We then climbed uphill along farm fields. There were parts that were so steep that stairs were cut into the hillside. I thought, to myself, that if the trail was like this the whole way I would never make it. I prepped for the trip but not at these altitudes. I could feel my heart pounding in my chest. I rested to take this view of the valley below .
Another rest stop was to take a pic of this waterfall.

The water from this one supplies a hydroelectric plant that is one of the three that supplies Oxapampa.

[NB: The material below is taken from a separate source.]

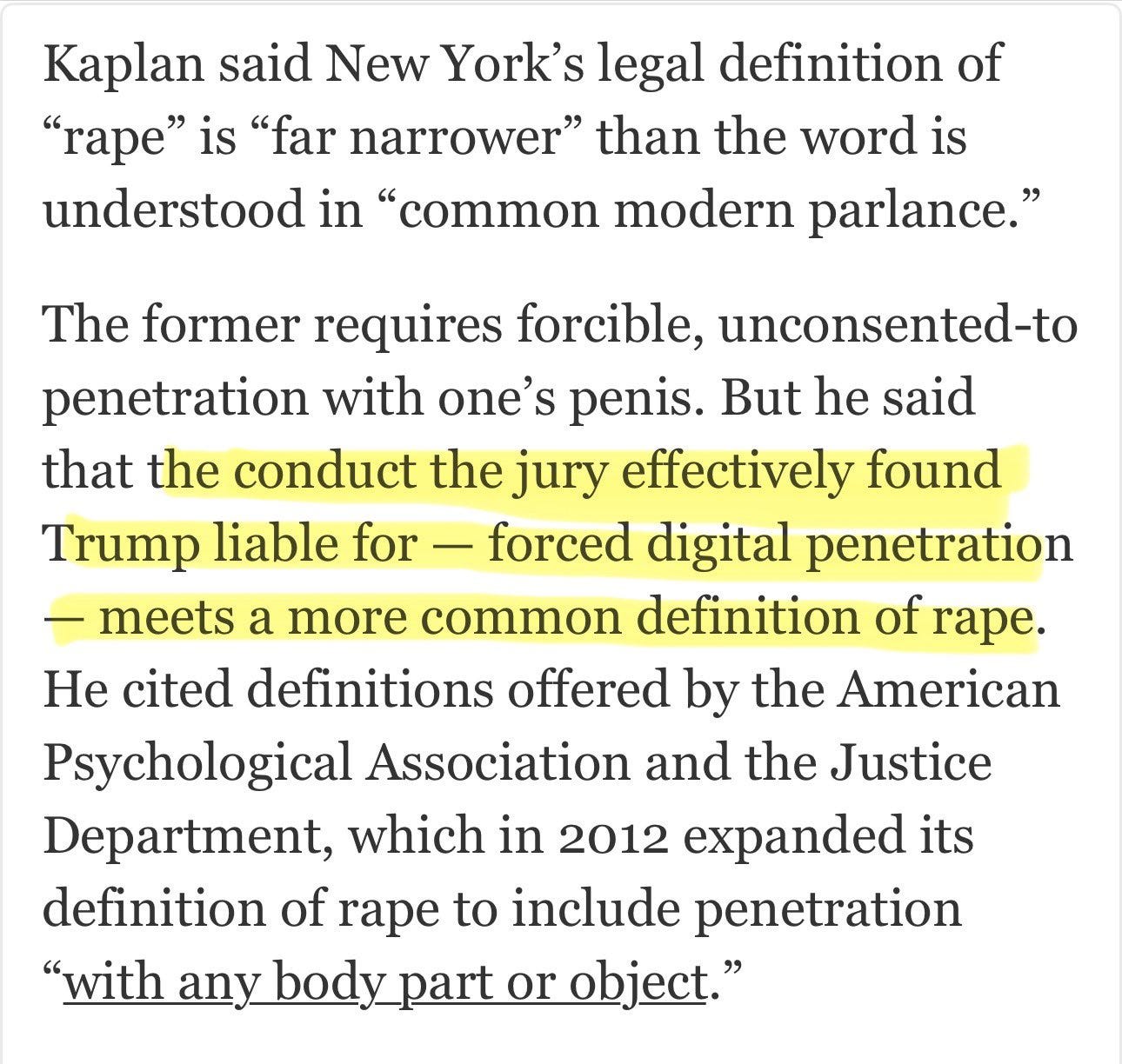 “The conduct the jury effectively found Trump liable for — forced digital penetration — meets a more common definition of rape.”

It wasn't until I reached this sign before I realized that the first hour of the hike wasn't even in the park. The park started at about 7,000 foot elevation. We climbed another 1,500 hundred feet before we had to turn around. Fortunately, once we were in the park boundary, the trail was cut as switch backs.

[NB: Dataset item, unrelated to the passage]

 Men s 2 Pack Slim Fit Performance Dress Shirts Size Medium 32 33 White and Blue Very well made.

The Park was Yanachaga-Chemillen. The biodiversity of the park is amazing! There are 59 species of mammals including this spectacled bear .

on the hike, I ran into a student from the University of Tasmania doing his research for his doctorate. He is doing vascular epiphyte populations. He said that one tree he inventoried contained 129 different species including 41 different orchid species. You can see how dense the epipytes are.

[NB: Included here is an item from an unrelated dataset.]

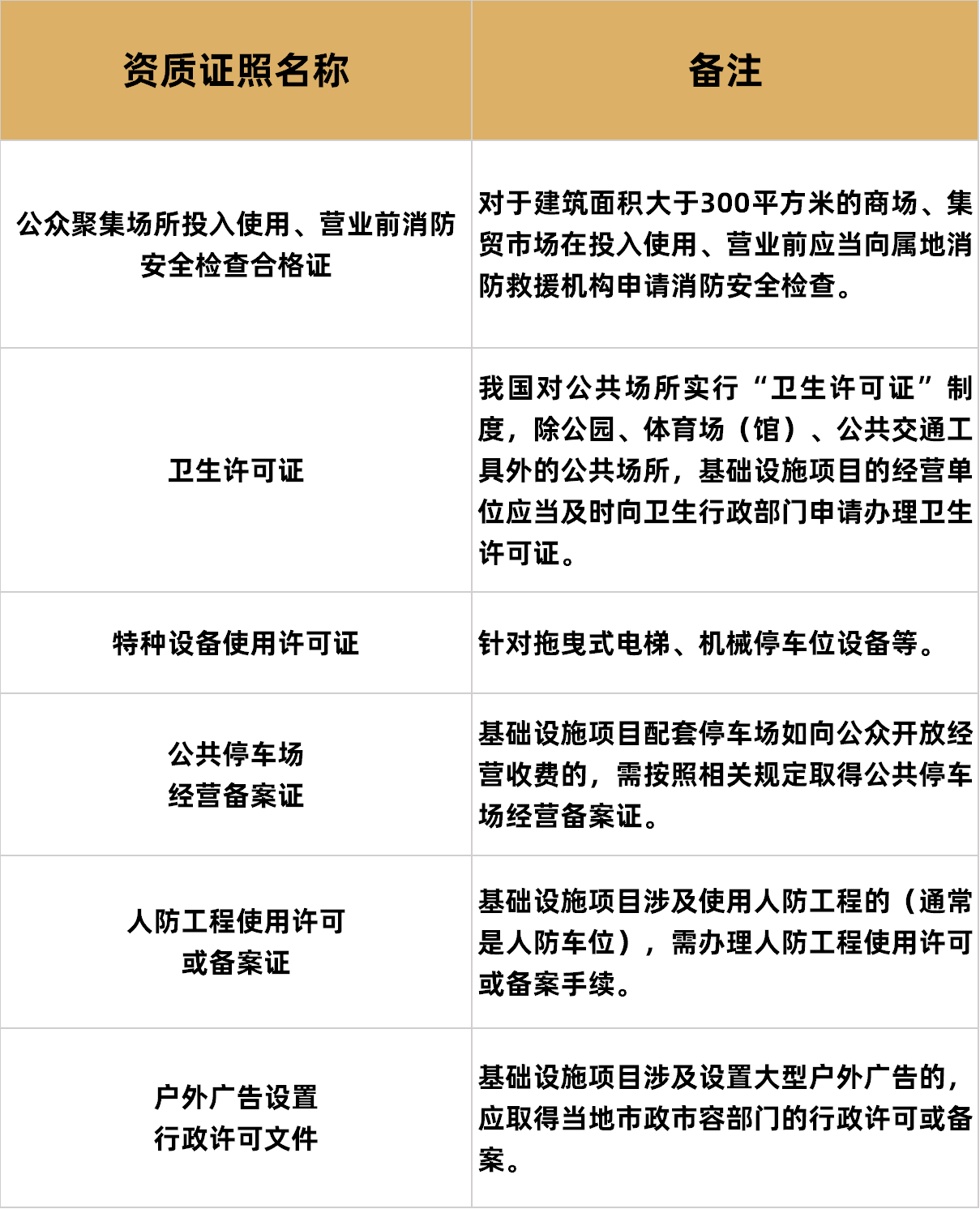 沪深交易所《公开募集基础设施证券投资基金(REITs)规则适用指引第1号——审核关注事项(试行)(2023年修订)》中要求基础设施资产涉及经营资质的,相关经营资质或者经营许可应当合法、有效。不同基础设施项目的经营资质差异较大,以消费基础设施为例,项目公司运营消费基础设施项目需要取得的相关资质或许可主要有:

I would have loved to get up into the canopy. The coolest orchids I saw were on material that recently had fallen from the canopy. I saw Maxillaria , Stelis , Oncidiums , Pleuros , and many other genera of orchids. Many not in bloom.
this bird was the only one that stopped for his picture but many beautifully colored ones were seen.

Hanging from a branch was this orchid. It was identified for me but I don't recall the name. Here is a closer pic of it's flower.

There were many beautiful wildflowers including this passion flower , fuscia and this blue tubular one .
this passion flower was stunning!!!

The lichens , mosses and bromiliads were fascinating. I hated to have to turn around before reaching the crest of the mountain but we didn't want to run out of daylight.
I will end this segment with a cute Pleuro
Great Pictures Ron!!

Thanks for sharing! Do you know what Lycaste species the first picture is, or is it a new species?

I suspect that the Lycaste is denningiana. It was collected in the pouring rain and my camera was in the car. The pic was after we got back to the hotel and the flower was pretty banged up by then.
Great pictures!

That Hunleya burtii (I assume that's the species) is stunning!

And two very interesting Pleurothallids! :)

Great pictures, thanks

If I were in Peru, I wouldn't decide where to watch - down to tropical fishes or up to orchids??
We wore long sleeved shirts due to some of the vegetation being course and irritating. Biting insects at this altitude didn't seem to be an issue. I didn't use my DEET at all. I did get bitten by ants while removing a chid from a tree and something bit me on the hand at another time. That one was swollen and itched for days and I finally took an antihistamine for it.

I did see some leaf cutting ants one day but the pic didn't turn out clear enough to post.
NYEric said:
What was that kid doing in the tree?:poke: Have you catalogued the plants yet? I'm interested in seeing the Plueros.

We cataloged according to genera but many were not in bloom and once bloomed will be cataloged. I am intersted in seeing what we found and if there are any new species. Somewhere I have a pic of Glen up a tree.